Scientists didn't just accept this new idea in a meeting after a focus group and checking the polls.  That might be how politics works, but science isn't politics. Scientists tried every imaginable experiment to try to debunk this new idea.  What we don't often hear about are the dozens of alternatives that were quickly debunked, disproved, and discarded, not because they weren't popular with voters, but because they didn't work in reality.  They were objectively false.  But scientists were unable to disprove the Nuclear Theory of Matter, and eventually, after every conceivable alternative was tried and every conceivable test was applied to the idea, it had to be accepted that the simplest explanation for the objective facts before them was that the Nuclear Theory of Matter, if not exactly the Truth, was indistinguishable from Truth at that point in time.

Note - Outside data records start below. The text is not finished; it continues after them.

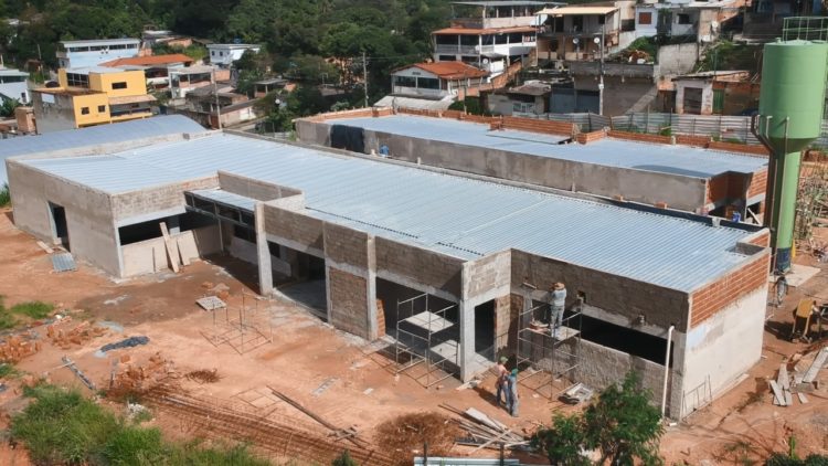 No momento está sendo finalizada a cobertura do prédio, iniciando as etapas de revestimentos, instalações hidrossanitárias (50% finalizados), piso interno da escola (30% finalizado) e os serviços de alvenarias já contam com 65% rebocado com argamassa.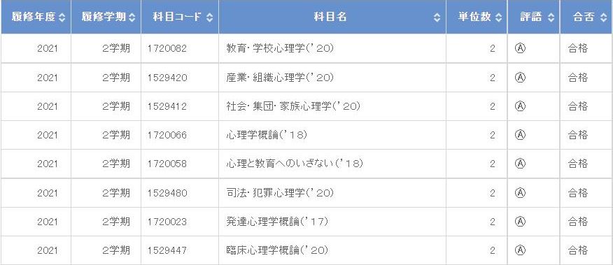 8科目16単位を無事に確保し、心理と教育コースの卒業要件の単位数をクリアした。後は在籍要件を満たすだけで無事に卒業が確定する。残り1年半、何もせずに過ごすか、追加で履修をするか悩ましいところである。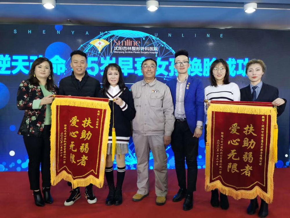 小凤(左三)与郭明义以及医疗救助人员合影。(沈阳杏林整形外科医院供图)

Advances in all fields of science follow the same pattern.  An objective observation can't be explained, so a new idea is formed.  The idea is assumed to be wrong, and every conceivable means to prove it so are attempted.  Most ideas get proven wrong (e.g. Chiropractic, Orgone Energy) and are never heard of again among serious scientists.  Those that can't be disproved by any objective means end up contributing to our understanding of objective reality and invariably lead to new questions to be answered.  Bad "theories" are a dead-end but correct theories always bear viable fruit.

Many people believe that a new scientific discovery might come along at any moment and throw all previous understanding out the window.  This is completely false and stupid.  It is also harmful, because it causes people to assume that whatever science knows today must therefore certainly be incorrect.    Irresponsible and ignorant reporting of medical research is mostly responsible for fueling this particular brand of mass ignorance.  The truth is that once an understanding of reality is achieved, it is here for good.

Aristotle's ideas about matter were utter nonsense because they were not science.  They were religion dressed as philosophy.  They were untested beliefs, dogma, rhetoric or even a form of prayer that people repeated whenever they wanted to exert their authority as a learned disciple of Aristotle.  This idea was overturned and replaced by something true: Atomic Theory.  But wasn't Atomic Theory overturned by Nuclear Theory?

I argue that it was not.  It is still essentially true and still useful, but no one regards it as complete or even relevant to non-Atomic situations.  Similarly, is Nuclear Theory still true now that we understand the components of the nucleus, and even the components of those components?  I'd say it is even more true because it is now more complete and accurate than ever.

Were Issac Newton's famous Laws of Motion rescinded when Quantum Mechanics and Relativity came along?  Actually, one of the often overlooked consequences of Quantum Mechanics is that when you have a collection of more than a few dozen atoms, such as a baseball or a voter, they as a single body no longer behave according to Quantum Mechanics but instead obey Newton's Laws, or laws indistinguishable from them, to the letter.  This is something that Quantum Theory predicts and requires!

Also, one important result of Relativity Theory is that when relative speeds are quite low, say ten times faster than the speed of the fasted vehicle ever operated (the Space Shuttle flew 17,000 miles per hour) then Newton's Laws are obeyed to a precision that is indistinguishable from perfection.  In other words, Relativity predicts and requires that Newton's Laws are obeyed.   Far from overturning a once-proven theory, new scientific advances begin by confirming, embracing and solidifying the truths upon which they build.  

Science doesn't work like most of the other things humans do.  It does not work by popularity, by the dictate of authority, by Revelation, by aesthetic or rhetorical persuasion, by the law of supply and demand, or by social coercion.  Science is a collective human activity that systematically and inexorably weeds out nonsense and thereby exposes objective Truth.

Unlike almost every other human activity, science is not exclusive.  Anyone of any race, color, gender, political or religious persuasion, age, physical capacity, musical talent or lack thereof can participate in science.  Science is open to everyone and anyone, as long as you can do math.